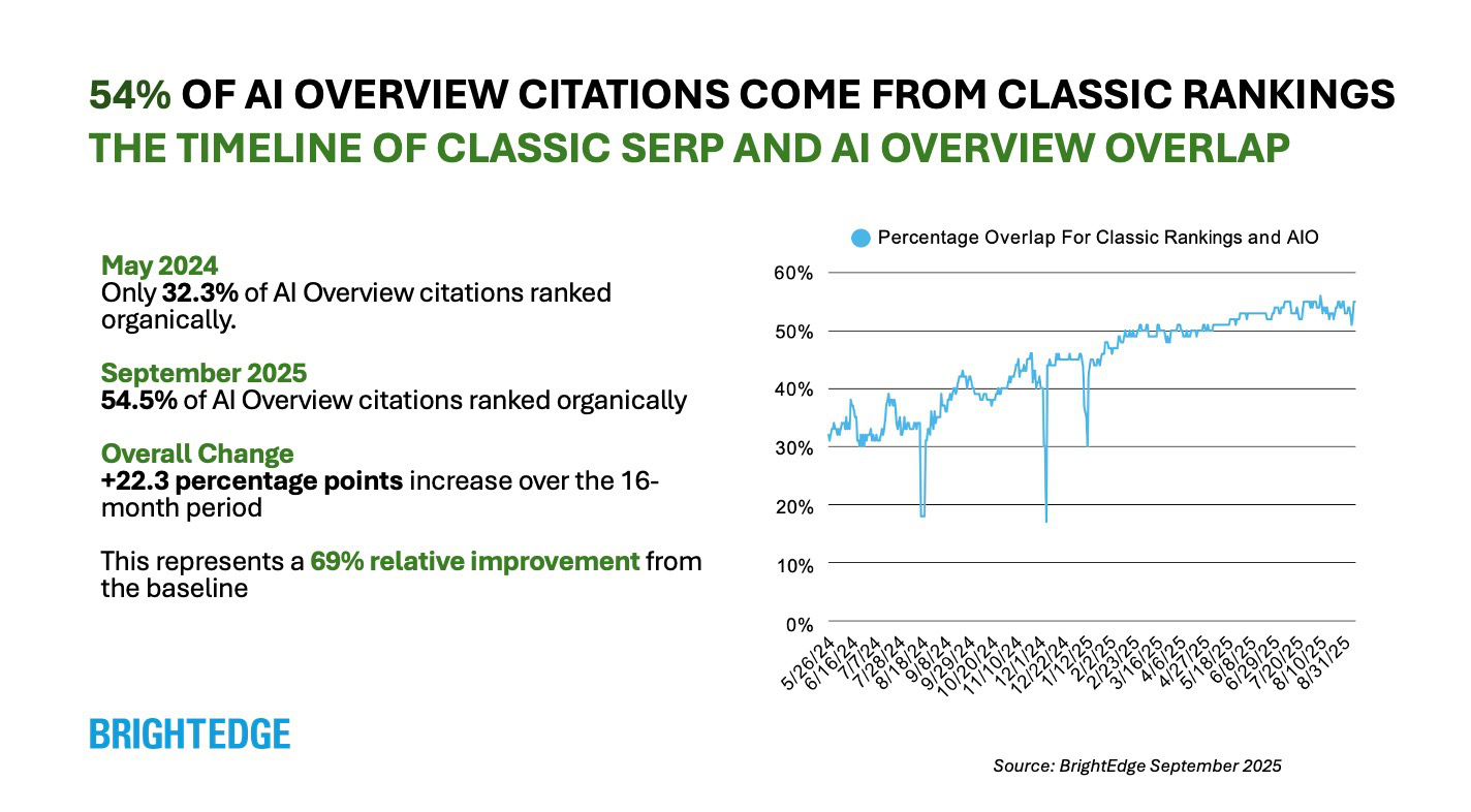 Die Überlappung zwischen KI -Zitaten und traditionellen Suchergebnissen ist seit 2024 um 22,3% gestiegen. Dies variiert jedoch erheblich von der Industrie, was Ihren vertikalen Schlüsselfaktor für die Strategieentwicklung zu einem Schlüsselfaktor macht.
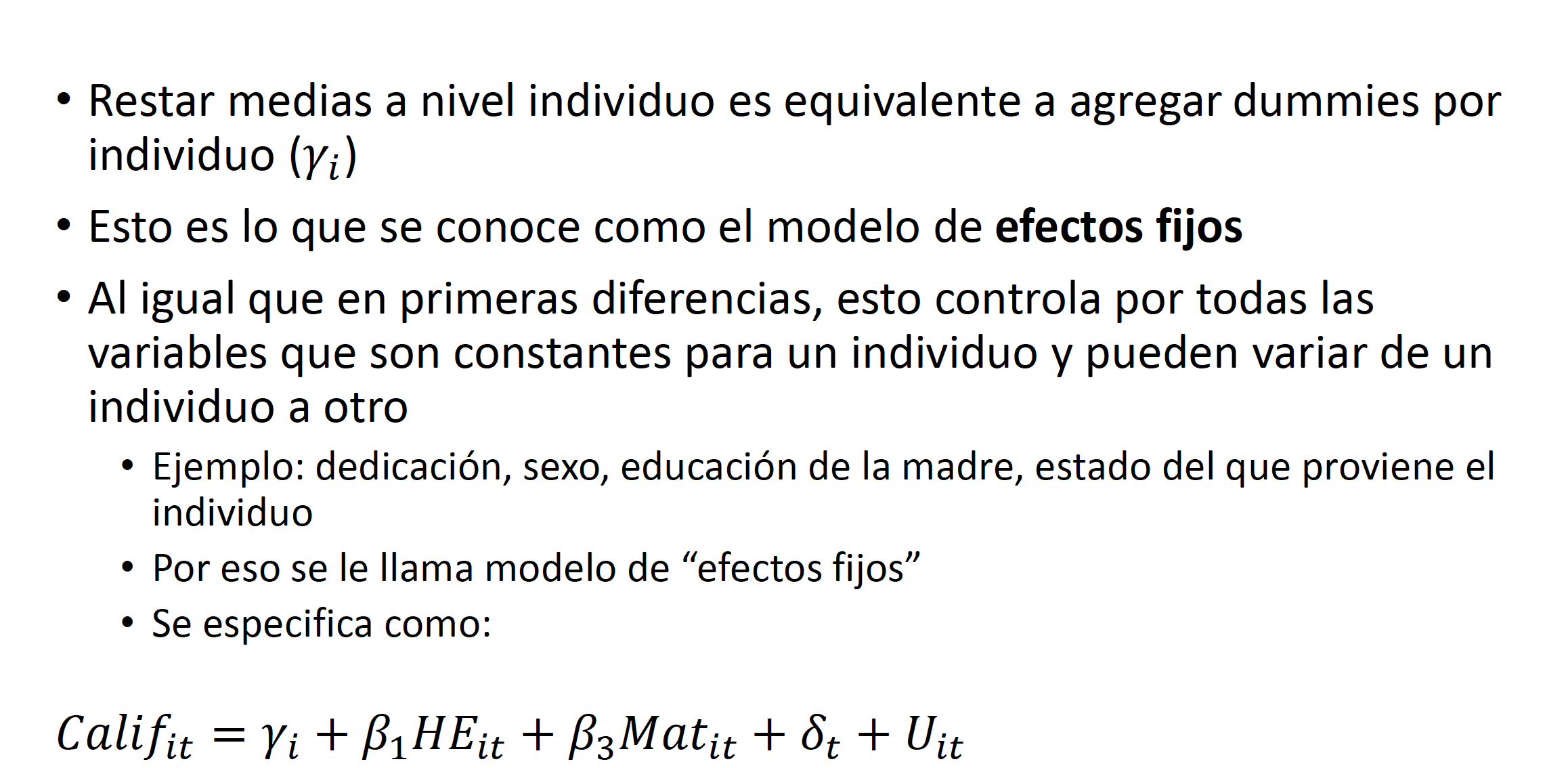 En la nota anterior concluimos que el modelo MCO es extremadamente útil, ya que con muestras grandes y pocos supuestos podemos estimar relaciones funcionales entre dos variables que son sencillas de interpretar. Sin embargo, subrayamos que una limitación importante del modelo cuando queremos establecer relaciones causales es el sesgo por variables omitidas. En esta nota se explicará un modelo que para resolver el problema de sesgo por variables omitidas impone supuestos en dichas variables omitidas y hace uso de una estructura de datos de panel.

--

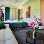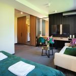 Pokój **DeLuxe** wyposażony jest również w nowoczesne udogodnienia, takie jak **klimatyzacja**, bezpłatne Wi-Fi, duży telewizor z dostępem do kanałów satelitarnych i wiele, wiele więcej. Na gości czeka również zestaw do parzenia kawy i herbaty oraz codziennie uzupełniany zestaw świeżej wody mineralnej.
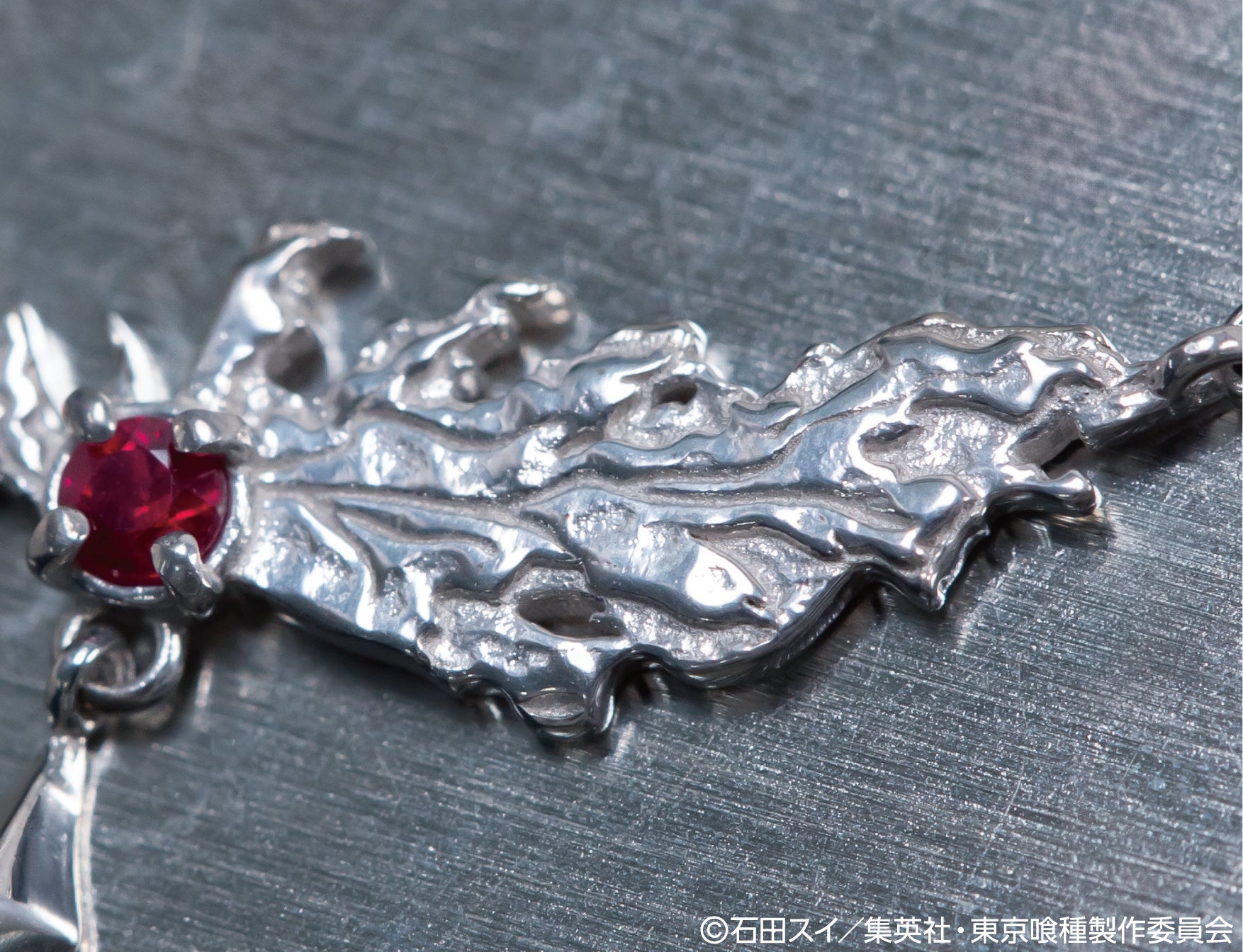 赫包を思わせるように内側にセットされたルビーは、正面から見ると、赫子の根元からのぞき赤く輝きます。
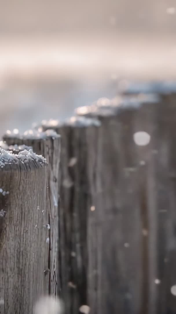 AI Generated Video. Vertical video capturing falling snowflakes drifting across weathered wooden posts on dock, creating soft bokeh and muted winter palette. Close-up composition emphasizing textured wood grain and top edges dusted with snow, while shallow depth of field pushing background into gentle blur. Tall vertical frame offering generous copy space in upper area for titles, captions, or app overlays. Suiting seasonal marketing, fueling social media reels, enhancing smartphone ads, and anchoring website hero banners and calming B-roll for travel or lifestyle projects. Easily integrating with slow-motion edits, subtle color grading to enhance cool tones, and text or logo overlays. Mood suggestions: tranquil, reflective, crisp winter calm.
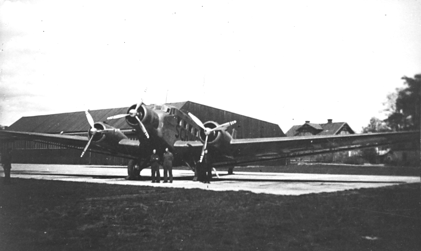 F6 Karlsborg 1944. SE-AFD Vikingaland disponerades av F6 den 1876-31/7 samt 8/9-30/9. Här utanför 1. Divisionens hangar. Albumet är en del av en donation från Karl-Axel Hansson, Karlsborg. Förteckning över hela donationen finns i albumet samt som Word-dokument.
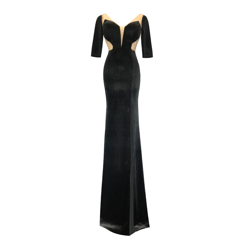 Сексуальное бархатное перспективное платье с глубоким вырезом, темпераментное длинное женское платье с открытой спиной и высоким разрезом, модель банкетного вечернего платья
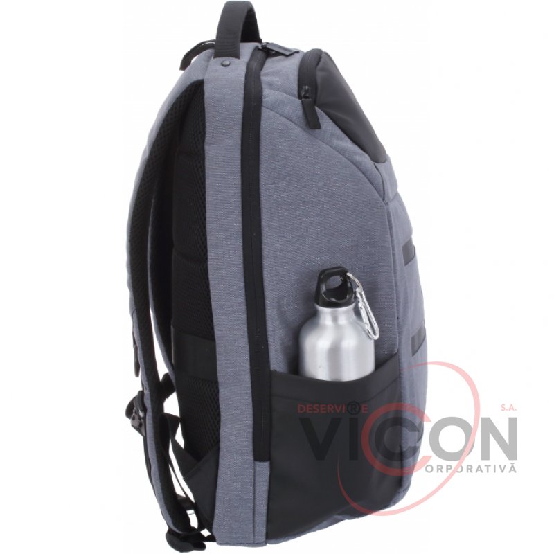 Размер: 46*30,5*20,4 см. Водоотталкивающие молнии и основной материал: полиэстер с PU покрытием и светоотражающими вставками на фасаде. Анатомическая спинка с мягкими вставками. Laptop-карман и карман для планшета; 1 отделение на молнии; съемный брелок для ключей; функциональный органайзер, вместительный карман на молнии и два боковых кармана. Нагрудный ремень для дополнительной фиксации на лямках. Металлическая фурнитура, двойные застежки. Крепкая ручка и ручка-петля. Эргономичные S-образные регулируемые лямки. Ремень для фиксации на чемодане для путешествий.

---

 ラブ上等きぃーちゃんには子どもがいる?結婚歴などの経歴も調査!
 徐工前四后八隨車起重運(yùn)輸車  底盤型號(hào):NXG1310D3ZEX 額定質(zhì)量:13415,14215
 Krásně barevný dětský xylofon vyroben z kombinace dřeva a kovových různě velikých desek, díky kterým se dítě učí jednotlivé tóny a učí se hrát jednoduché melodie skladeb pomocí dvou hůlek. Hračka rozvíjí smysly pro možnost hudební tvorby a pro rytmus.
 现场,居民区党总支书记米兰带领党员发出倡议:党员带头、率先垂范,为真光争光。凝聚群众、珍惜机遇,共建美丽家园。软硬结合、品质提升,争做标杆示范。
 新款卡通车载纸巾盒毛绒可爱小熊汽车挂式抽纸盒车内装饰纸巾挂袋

— Exercise —
Using the entries above, transcribe every line from the line containing "Сексуальное бархатное перспективное" through the line containing "Размер: 46*30,5*20,4 см.". Do not copy pictures.

— Your response —
 Сексуальное бархатное перспективное платье с глубоким вырезом, темпераментное длинное женское платье с открытой спиной и высоким разрезом, модель банкетного вечернего платья
 Размер: 46*30,5*20,4 см. Водоотталкивающие молнии и основной материал: полиэстер с PU покрытием и светоотражающими вставками на фасаде. Анатомическая спинка с мягкими вставками. Laptop-карман и карман для планшета; 1 отделение на молнии; съемный брелок для ключей; функциональный органайзер, вместительный карман на молнии и два боковых кармана. Нагрудный ремень для дополнительной фиксации на лямках. Металлическая фурнитура, двойные застежки. Крепкая ручка и ручка-петля. Эргономичные S-образные регулируемые лямки. Ремень для фиксации на чемодане для путешествий.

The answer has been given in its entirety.